Vitamin D3 needs to be converted to calcitriol, the active form.

Then, calcitriol needs to attach to a specific receptor – the Vitamin D Receptor or VDR. Some infections or toxins block these receptors. If this happens, you won’t get the health effects of calcitriol or vitamin D3.

After Calcitriol binds to the VDR, for many bodily functions, this complex then needs to go to the nucleus and bind to another protein such as RXR.

After that, there are cell-specific responses to regulate select genes that encode proteins that function in mediating the effects of vitamin D [1].

In some cases, various steps can be left out. For example, in skin cells, the Vitamin D Receptor can have effects without Calcitriol to increase hair growth (via Wnt) [1].

The Benefits of Vitamin D3​

The active form of vitamin D (calcitriol) has many benefits.

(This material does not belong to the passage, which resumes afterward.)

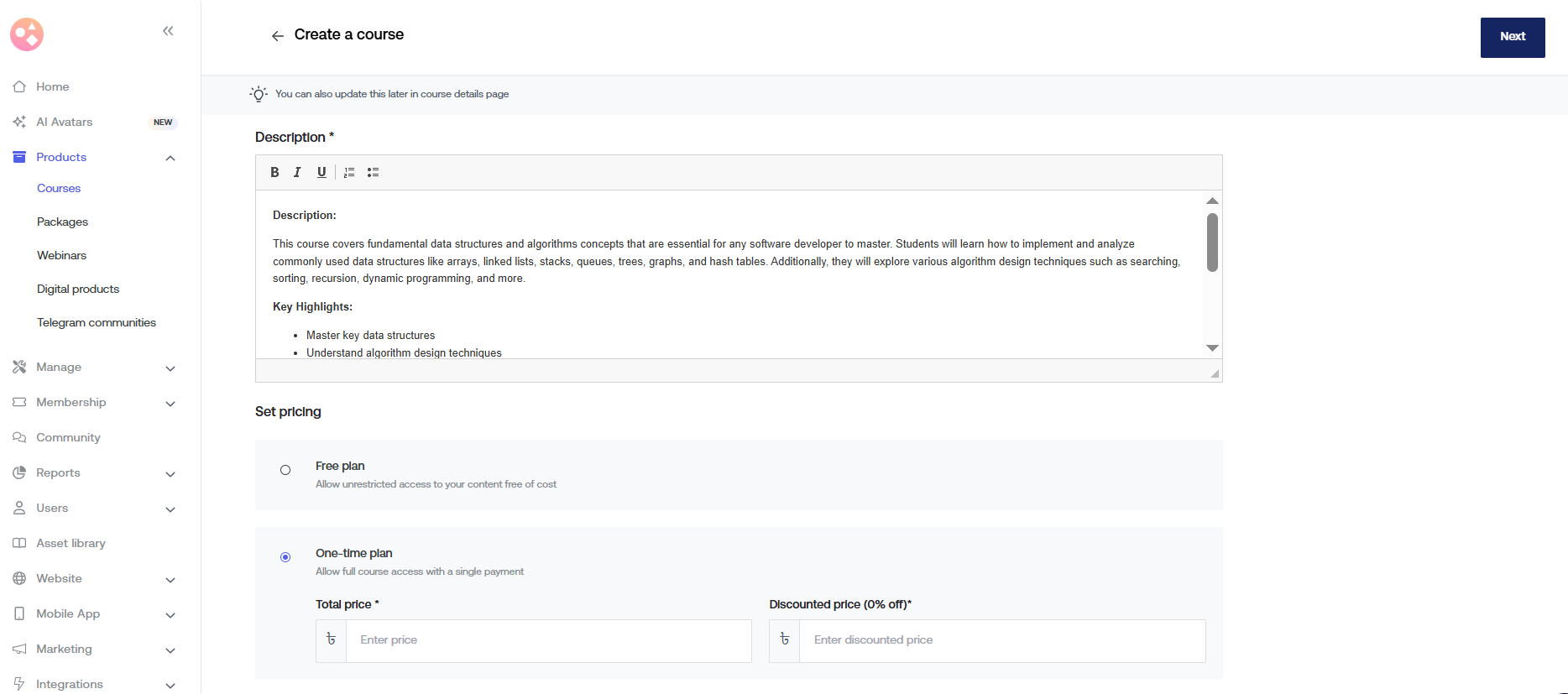 Set a one-time payment, subscription model, or membership-based access.

Vitamin D protects against:
  • Osteoporosis [2]
  • Cancer [3]
  • Diabetes [4] – Type 1 and 2 [5]
  • Heart disease [6]
  • Neurological diseases [7]
  • Psoriasis [8]
  • Infections [9]
  • Multiple sclerosis [10]
  • Asthma [11, 12]
  • Kidney inflammation and kidney disease death. (It should lower your creatinine levels) [13].
  • High Blood Pressure (Decreases Renin/angiotensin system) [14].
  • Lupus/SLE [5]
  • Arthritis [5]
  • Scleroderma [5]
  • Sarcoidosis [5]
  • Sjogren’s [5]
  • Autoimmune thyroid disease (Hashimoto’s, Grave’s) [5]
  • Ankylosing spondylitis [5]
  • Reiter’s syndrome [5]
  • Uveitis [5]
Vitamin D is particularly good for Th1 and Th17 dominant people.

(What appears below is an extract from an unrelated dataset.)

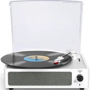 WOCKODER Vinyl Record Player with Speakers Turntable Belt-Driven Turn Table Support 3-Speed 3 Size BT Wireless Playback Headphone AUX-in RCA Line LP Phonographs Audio for Beginner Classic Pure White

Vitamin D’s Anti-Inflammatory Role​


Vitamin D mainly lowers the “adaptive” immune system.
Vitamin D also boosts the immune system:

Vitamin D mainly stimulates the “innate” immune system.
  • Crucial for T Cell Activation. In this sense, it’s an immune booster [18].
  • Increase CD8+ T Cells, which is important in controlling viral infections.
  • Increases Natural Killer T Cells [19] – good for preventing autoimmune disease, but bad for asthma.
  • Increases NK cells [20]
  • Releases Antimicrobials in response to an infection such as cathelicidin and beta-defensin 4 [20].

Other Benefits of the Vitamin D Receptor​


The most popular benefits of vitamin D3 is its role in bone health.

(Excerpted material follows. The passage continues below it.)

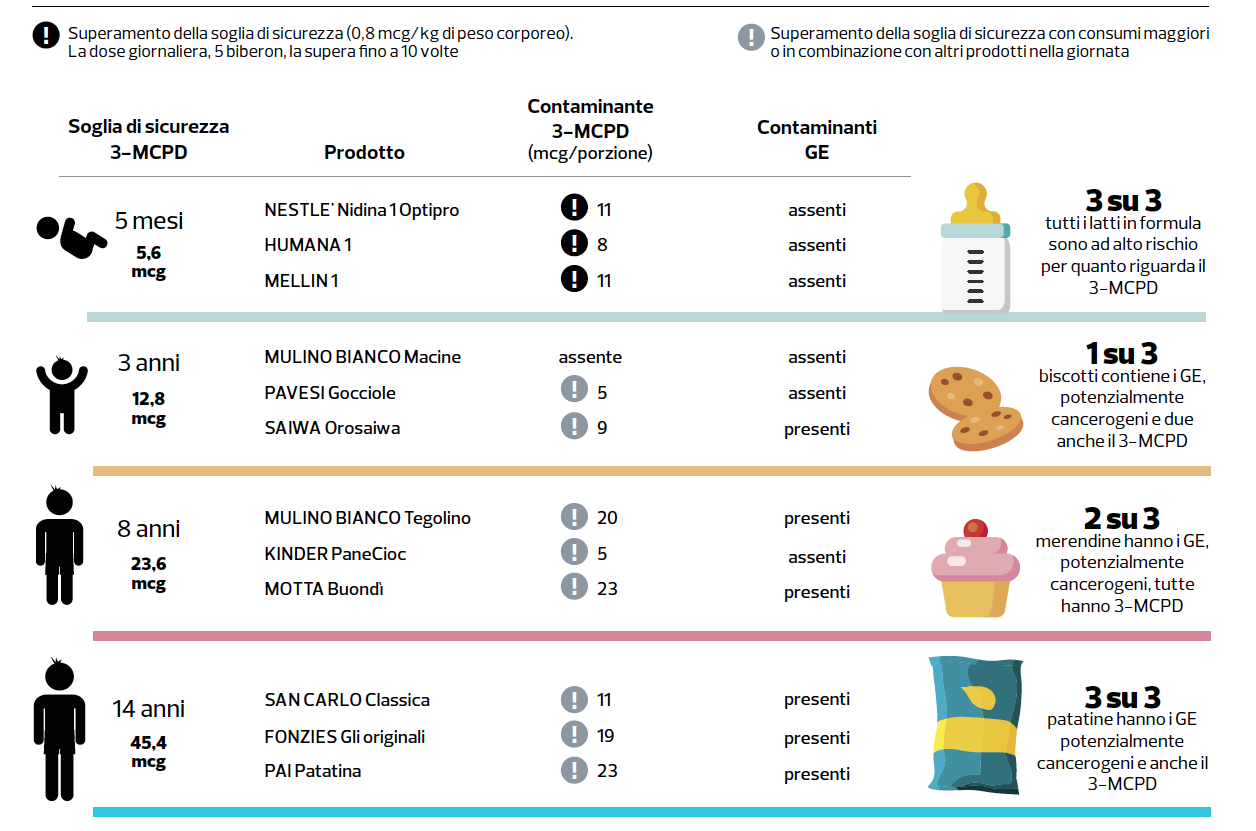 Un analogo concetto è ribadito nel parere di Valentina Rabella del servizio di igiene e prevenzione della Regione Marche basato sul documento dell’Efsa quando scrive “La stima della media e le esposizioni elevate al monocloropropandiolo (sia 3-MCPD che 2-MCPD) per le fasce di età più bassa, adolescenti compresi (fino a 18 anni di età), superano la dose giornaliera tollerabile e costituiscono un potenziale rischio per la salute”.

Low blood levels of vitamin D3 are associated with lower bone density [21]. Clinical trials have shown that Calcitriol is helpful for people with lower bone density [22].

VDR activation induces the expression of liver and intestinal phase I detox enzymes (e.g., CYP2C9 and 3A4) that play major roles in metabolizing drugs and toxins [23].

The Vitamin D Receptor is important for hair growth and loss of VDR is associated with hair loss in experimental animals [24].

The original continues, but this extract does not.